• Task item: Retype the whole listing exactly. Leave out pictures.

• Exercise data:
◇ ◇ ◇
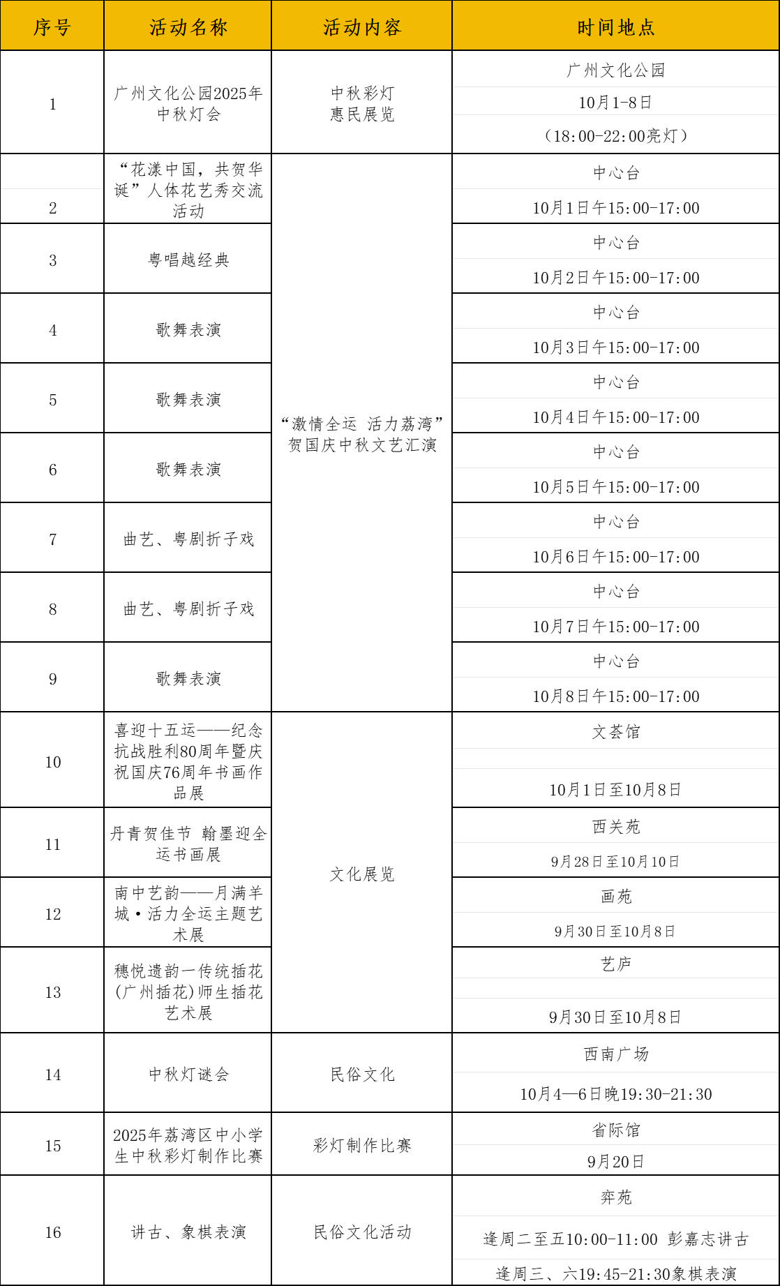 演出活动方面:中秋国庆期间,文化公园将举办7场以“激情全运 活力荔湾”为主题的文艺汇演活动。系列活动涵盖多种表演形式:“粤唱越经典”专场将演绎脍炙人口的经典粤语歌曲;多场歌舞表演融合现代与民族元素,呈现丰富多彩的舞台艺术;曲艺及粤剧折子戏专场则集中展示岭南传统戏曲的独特魅力,演绎戏曲经典选段。所有演出均围绕欢庆国庆、喜迎中秋及祝福全运会的主题,通过声乐、舞蹈、戏曲等艺术形式,展现湾区文化的活力与多元特色。
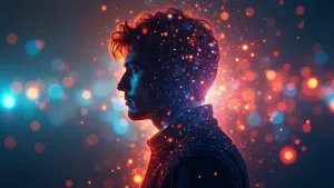 «In a gleaming technicolor world, vibrant holographic athletes co...»
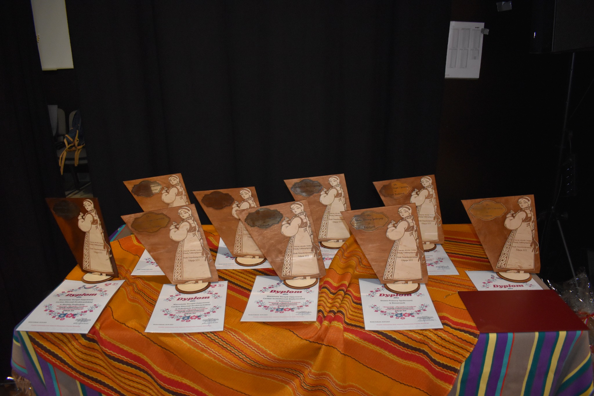 Na zakończenie przeglądu zaproszeni goście: starosta bielski Sławomir Jerzy Snarski, wicestarosta Piotr Bożko, członek zarządu powiatu Maciej Bobel oraz dyrektor Powiatowego Centrum Pomocy Rodzinie w Bielsku Podlaskim Urszula Kitlas wręczyli przedstawicielom występujących zespołów dyplomy, statuetki i kosze słodyczy, a także wykonali wspólne okolicznościowe zdjęcia. Następnie wszyscy udali się na przepyszny posiłek.
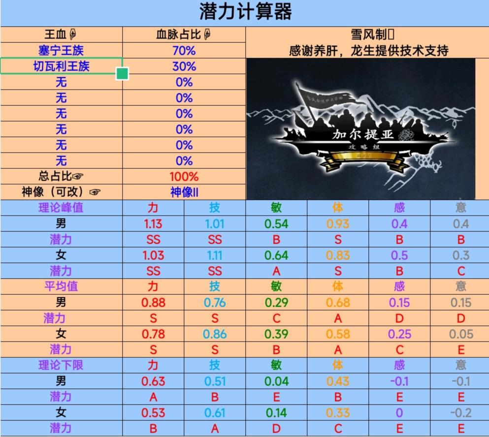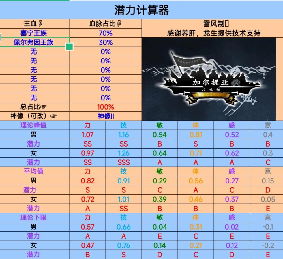召唤下计算器看看。仅展示而已。简单说一下 上限数值特别少。纯血女塞宁3s。没见过几个 。。。。均值就是通常情况。下限不用多说了!
◇ ◇ ◇
• Exercise solution:
 演出活动方面:中秋国庆期间,文化公园将举办7场以“激情全运 活力荔湾”为主题的文艺汇演活动。系列活动涵盖多种表演形式:“粤唱越经典”专场将演绎脍炙人口的经典粤语歌曲;多场歌舞表演融合现代与民族元素,呈现丰富多彩的舞台艺术;曲艺及粤剧折子戏专场则集中展示岭南传统戏曲的独特魅力,演绎戏曲经典选段。所有演出均围绕欢庆国庆、喜迎中秋及祝福全运会的主题,通过声乐、舞蹈、戏曲等艺术形式,展现湾区文化的活力与多元特色。
 «In a gleaming technicolor world, vibrant holographic athletes co...»
 Na zakończenie przeglądu zaproszeni goście: starosta bielski Sławomir Jerzy Snarski, wicestarosta Piotr Bożko, członek zarządu powiatu Maciej Bobel oraz dyrektor Powiatowego Centrum Pomocy Rodzinie w Bielsku Podlaskim Urszula Kitlas wręczyli przedstawicielom występujących zespołów dyplomy, statuetki i kosze słodyczy, a także wykonali wspólne okolicznościowe zdjęcia. Następnie wszyscy udali się na przepyszny posiłek.
召唤下计算器看看。仅展示而已。简单说一下 上限数值特别少。纯血女塞宁3s。没见过几个 。。。。均值就是通常情况。下限不用多说了!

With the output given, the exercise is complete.